Performances of the comparative diagnostic models in the selection and validation cohorts
| Model | Value (95% CI) | ||||
|---|---|---|---|---|---|
| Sensitivity | Specificity | Accuracy | Positive predictive value | Negative predictive value | |
| Selection cohort | |||||
| Clinically diagnosed PTB cases vs non-TB DCs | |||||
| EHR+lncRNA (nomogram) | 0.89 (0.82–0.93) | 0.80 (0.73–0.85) | 0.84 (0.80–0.88) | 0.80 (0.73–0.85) | 0.89 (0.83–0.93) |
| EHR only | 0.89 (0.83–0.93) | 0.62 (0.54–0.68) | 0.75 (0.69–0.79) | 0.67 (0.60–0.74) | 0.87 (0.79–0.91) |
| lncRNA only | 0.85 (0.76–0.88) | 0.55 (0.46–0.61) | 0.69 (0.63–0.74) | 0.62 (0.55–0.69) | 0.80 (0.72–0.86) |
| Validation cohort | |||||
| Clinically diagnosed PTB cases vs non-TB DCs | |||||
| EHR+lncRNA (nomogram) | 0.86 (0.77–0.90) | 0.82 (0.75–0.87) | 0.84 (0.78–0.88) | 0.77 (0.68–0.83) | 0.89 (083–0.93) |
| EHR only | 0.89 (0.82–0.94) | 0.65 (0.56–0.72) | 0.75 (0.69–0.81) | 0.64 (0.56–0.72) | 0.90 (0.83–0.94) |
| lncRNA only | 0.85 (0.76–0.90) | 0.54 (0.47–0.62) | 0.67 (0.60–0.73) | 0.56 (0.48–0.63) | 0.83 (0.75–0.89) |
| Microbiologically confirmed PTB cases vs non-TB DCs | |||||
| EHR+lncRNA (nomogram) | 0.85 (0.81–0.88) | 0.81 (0.76–0.85) | 0.83 (0.80–0.86) | 0.85 (0.81–0.89) | 0.80 (0.75–0.84) |
| EHR only | 0.86 (0.82–0.89) | 0.63 (0.58–0.68) | 0.76 (0.73–0.79) | 0.75 (0.71–0.79) | 0.77 (0.72–0.82) |
| lncRNA only | 0.86 (0.82–0.89) | 0.55 (0.50–0.61) | 0.73 (0.69–0.76) | 0.71 (0.67–0.75) | 0.75 (0.69–0.81) |
Note that the cutoff probabilities in the selection cohort were 0.37 for the EHR+lncRNA model, 0.26 for the EHR-only model, and 0.32 for the lncRNA-only model.
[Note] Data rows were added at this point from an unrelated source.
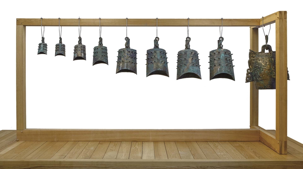 由於青銅得以從熔融金屬鑄成幾乎任何形狀,加上硬度和抗滲透性的特質,使其成為一種用途極為廣泛的材料,尤其是非常適合用來製作各種器皿。許多器皿是為了儲存酒、水和食物而設計的,而華麗的青銅器皿專門用於祭祀。此外,青銅的音色和迴響特質被用於製作銅鑼、銅鐘和各種樂器。在中國,工匠精心創造了一套套的成套編鐘,每一不同大小的鐘都有其特定的音調。展出作品包含中國的編鐘(圖10)、印度和印尼爪哇的青銅鐘以及越南的銅鼓。這件來自爪哇的青銅鐘是目前已知最大、裝飾最豐富的銅鐘(圖11)。此外,儘管青銅工具最終被鐵器取代,但具有卓越藝術品質的祭祀儀式器皿和許多武器仍繼續由青銅製成。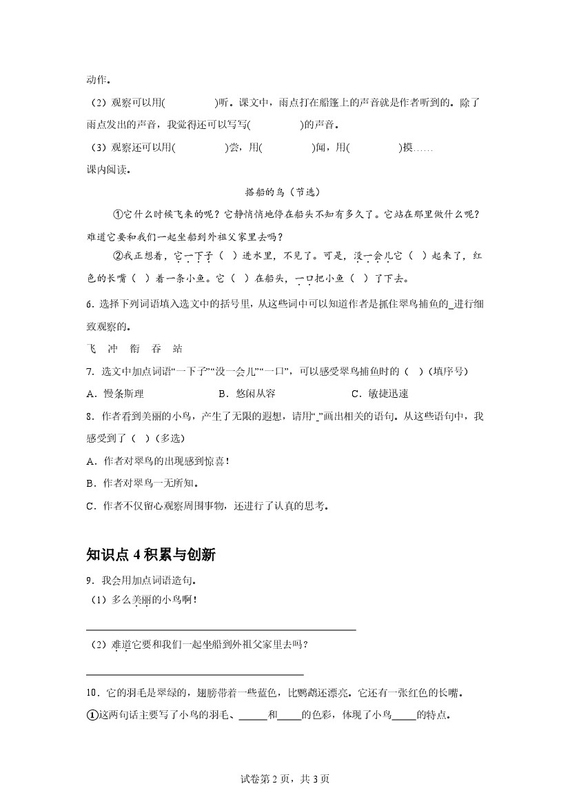 25年秋【三上语文】第14课 搭船的鸟(第一课时)课后作业(提升)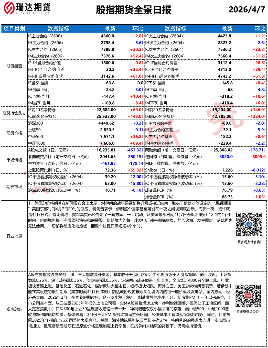 2026-04-16瑞达期货股指期货市场每日全景分析报告20260416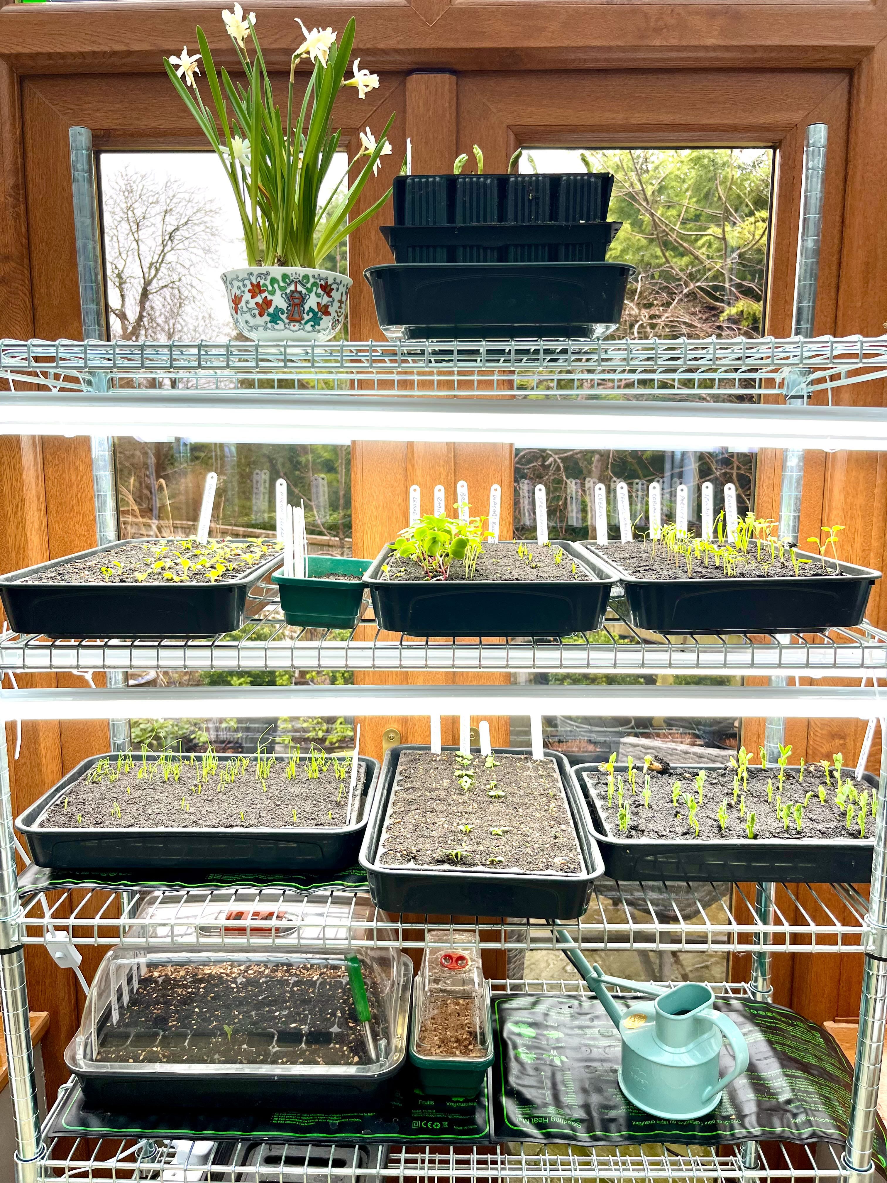 By mid-April, my conservatory receives enough daylight that I can position trays on the top shelf of the rack and the window sills. The room is generally warm enough, day and night, to switch off the mats. By May, it’s effectively a baking greenhouse and all the doors and windows are wide-open all day.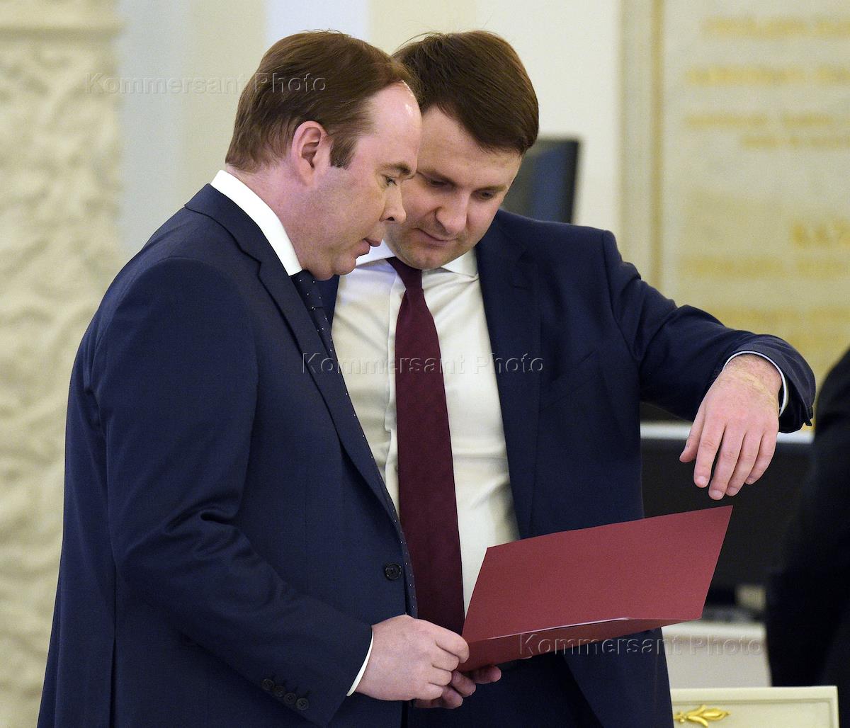 Совместное заседание Государственного совета и комиссии по мониторингу достижения целевых показателей социально-экономического развития страны в Кремле. Министр промышленности и торговли России Денис Мантуров (слева) и министр экономического развития России Максим Орешкин (справа) перед началом заседания.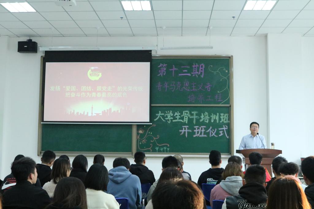 为响应国家培养青年马克思主义者的号召,深入实施青年马克思主义者培养工程,11月12日下午,学校在大学生活动中心综合多功能厅举办第十三期青年马克思主义者培养工程“大学生骨干”培训班开班仪式。校团委相关负责人及来自各学院、学生组织的60名大学生骨干培训班学员参加了此次仪式。

Features in each model are provided in Appendix S4 in the supplemental material. The EHR+lncRNA formula that was developed to classify patients as PTB cases or non-TB disease controls was −3.32 − 0.053 × (age) − 0.94 × log(ENST00000497872) − 0.39 × log(n333737) + 1.51 × (CT calcification) + 1.16 × (TB-IGRA) + 1.09 × (low-grade fever) + 0.014 × (hemoglobin) + 0.23 × log(n335265) + 0.43 × (weight loss).
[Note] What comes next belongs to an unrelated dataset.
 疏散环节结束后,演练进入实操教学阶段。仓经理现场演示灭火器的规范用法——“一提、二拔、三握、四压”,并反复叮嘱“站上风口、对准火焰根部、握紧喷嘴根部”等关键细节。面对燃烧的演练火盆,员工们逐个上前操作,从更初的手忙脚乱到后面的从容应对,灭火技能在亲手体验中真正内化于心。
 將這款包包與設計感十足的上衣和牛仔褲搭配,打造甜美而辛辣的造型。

FIG 3Nomogram for the prediction of clinically diagnosed PTB patients. (A) Nomogram to predict the risk of clinically diagnosed PTB patients, in which points were assigned based on the feature rank order of the effect estimates. A vertical line is drawn between the “Points” axis and the corresponding point for each feature to generate a total point score and PTB probability. (B) Calibration plot in the selection cohort (left) and validation cohort (right), with lines indicating the ideal, apparent, and bias-corrected predictions of the nomogram. (C) Decision curve analysis for the nomogram and EHR-only model, with lines indicating the nomogram, the EHR-only model, and assumptions that no patients or all patients have PTB.
FIG 4Alteration of lncRNAs before and after 2 months of intensive therapy. Shown are lncRNA expression levels before (blue) and after (red) a 2-month intensive anti-TB treatment regimen. Altered lncRNA expression levels were calculated using log2 lncRNA (posttreatment expression/pretreatment expression) values, and the Wilcoxon matched-paired rank test was used for comparisons among 22 paired samples. The median (interquartile range) log2 lncRNA values are as follows: −1.91 (−2.74, −1.11) before and −1.55 (−2.61, −0.79) after treatment for ENST00000497872, −3.88 (−4.81, −3.33) before and −2.30 (−2.99, −0.50) after treatment for n333737, and 2.12 (1.05, 2.34) before and 1.29 (0.85, 1.69) after treatment for n335265.